The court will read out the verdict on Pita at 2 p.m. in Bangkok. Thai constitution bars politicians seeking political office from owning shares in media firms to prevent them from abusing the platforms for personal gains and to protect media freedom.

The same court is also scheduled to rule on Jan. 31 on whether Pita’s Move Forward Party violated the charter with its election campaign to loosen the lese majeste law that protects the monarchy from defamation. A decision against Move Forward may eventually lead to its dissolution and a ban on its leaders from active politics, similar to a verdict almost four years ago that quashed Move Forward’s predecessor, Future Forward.

The court decisions will be a litmus test to how far Thailand’s royalist establishment is willing to go to stop the reformist Move Forward that won 151 seats in the 500-member parliament and almost 40% of the popular votes in the May election.

Pita has denied violating election rules, saying he only managed shares in ITV Pcl as part of an estate left behind by his father, who passed away in 2006. After his opponents raised an uproar following the election, he transferred all 42,000 shares, or 0.003% of ITV’s total shareholding, to the other members of his family.

“Most of us look at this upcoming decision not based on the merits of the case but on the political winds of the day,” said Thitinan Pongsudhirak, a professor of political science at Chulalongkorn University in Bangkok. “It’s just a matter of whether the Constitutional Court will see the need to decapitate Pita’s political popularity or nip him in the bud.”

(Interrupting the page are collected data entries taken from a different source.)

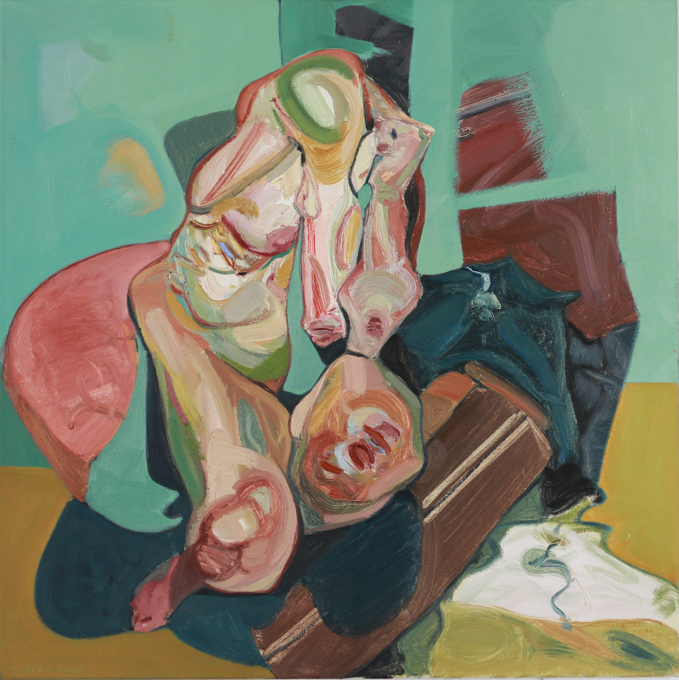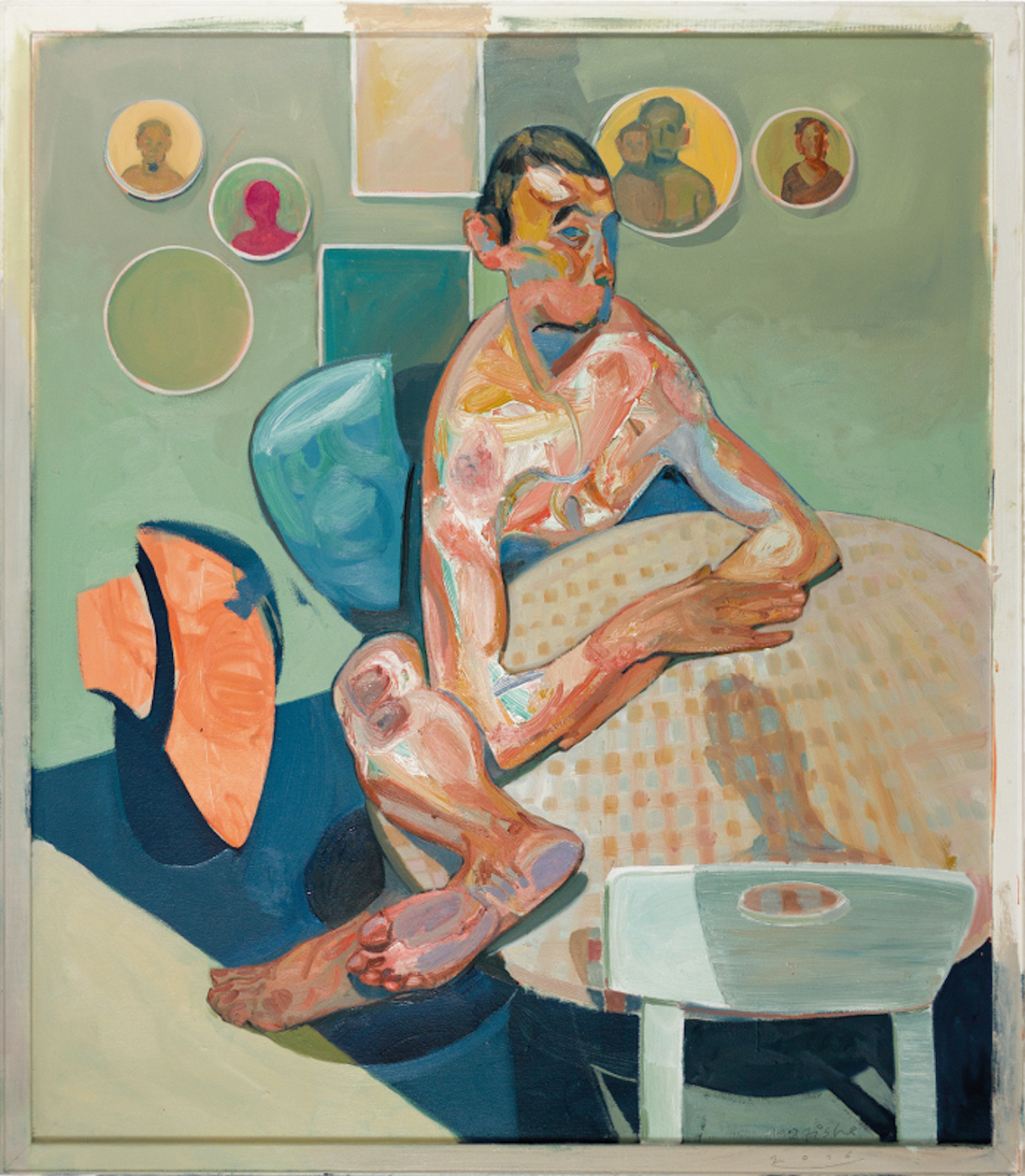 Whenever I paint, I try not to portray particular people that I know, even though they have initiated many thoughts over the course of my work. What interests me is the physical make-up of people, how they evolve regarding political and societal relationships. So people are the most important elements in my pictures. They’re a kind of language, a concept, embodied in human flesh. It is for this reason that I am also interested in their nakedness and exposure. In a certain way they uncover a part of that reality that we often hide in a stubborn, calculated, and artificial way. I take great trouble to make my figures appear as animated as possible – not in the sense of a perfect adaptation of their shell but rather like a helium balloon in human form and corresponding colour. The representation of skin is therefore also of minor importance for me.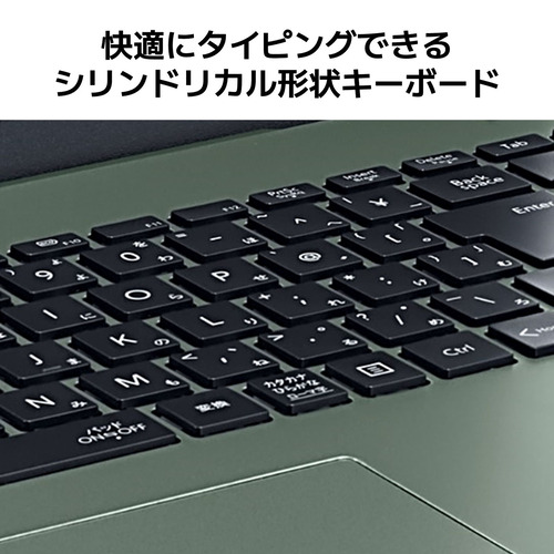 打ちやすい「こだわりのキーボード」は、適度な傾斜がつくことで入力しやすくなる「リフトアップヒンジ」や、タイピング音で周囲に迷惑をかけない静音設計を採用。また、パスワード不要ですばやくサインインできるWindows Hello対応 指紋認証センサを搭載。本体カラーは、日常のインテリアになじむオリーブグリーンです。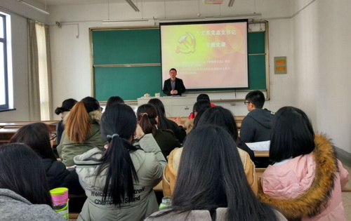 12月16日,由人文系党总支书记潘成刚主讲的专题党课在3-402教室举行,全体学生党员参加。潘书记围绕习近平在全国高校思想政治工作会议上的讲话精神,展开理论和实践的讲解。潘书记指出,学生要成长成才,离不开科学的思想基础与坚定的理想信念;要实现自我价值,就必须勇敢地肩负起时代赋予的重任,自觉地将个人的命运与国家的发展结合起。提倡大学生应将思想政治工作与专业及生活相融合。在学习自身专业,实践自身专业的过程中认识到我党在建设发展中的重要思想。

If the court rules against Pita and Move Forward, protesters may once again return to the streets, ending a period of relative stability in a country known for periodic political turbulence and military coups. It may also derail Prime Minister Srettha Thavisin’s efforts to draw foreign investors and bolster economic growth.

The disbanding of Future Forward in Feb. 2020 led to anti-government protests and gave rise to unprecedented calls for reforms of the country’s powerful monarchy.

Earlier this week, Move Forward said it expected the court to clear Pita of any wrongdoing as ITV had ceased operating as a media company since its government contract was ended in 2007. The court had heard testimonies from the election body’s Secretary-General Sawaeng Boonmee and Pita, as well as ITV’s chairman Kim Siritaweechai.

Pita’s bid for premiership was backed by a broad coalition of pro-democracy parties including Pheu Thai, linked to Thaksin Shinawatra. Yet the numbers were not enough to outdo the military-appointed Senate that voted alongside the conservative members of the House. That paved they way for a new coalition headed by Srettha’s Pheu Thai, which eventually joined hands with a string of conservative and pro-military groups.

Thailand has a history of moving against pro-democracy parties and politicians. Future Forward’s leader Thanathorn Juangroongruangkit, then the prime-minister candidate of the opposition bloc, was disqualified after the Constitutional Court found him guilty of holding media shares on the date he registered his candidacy.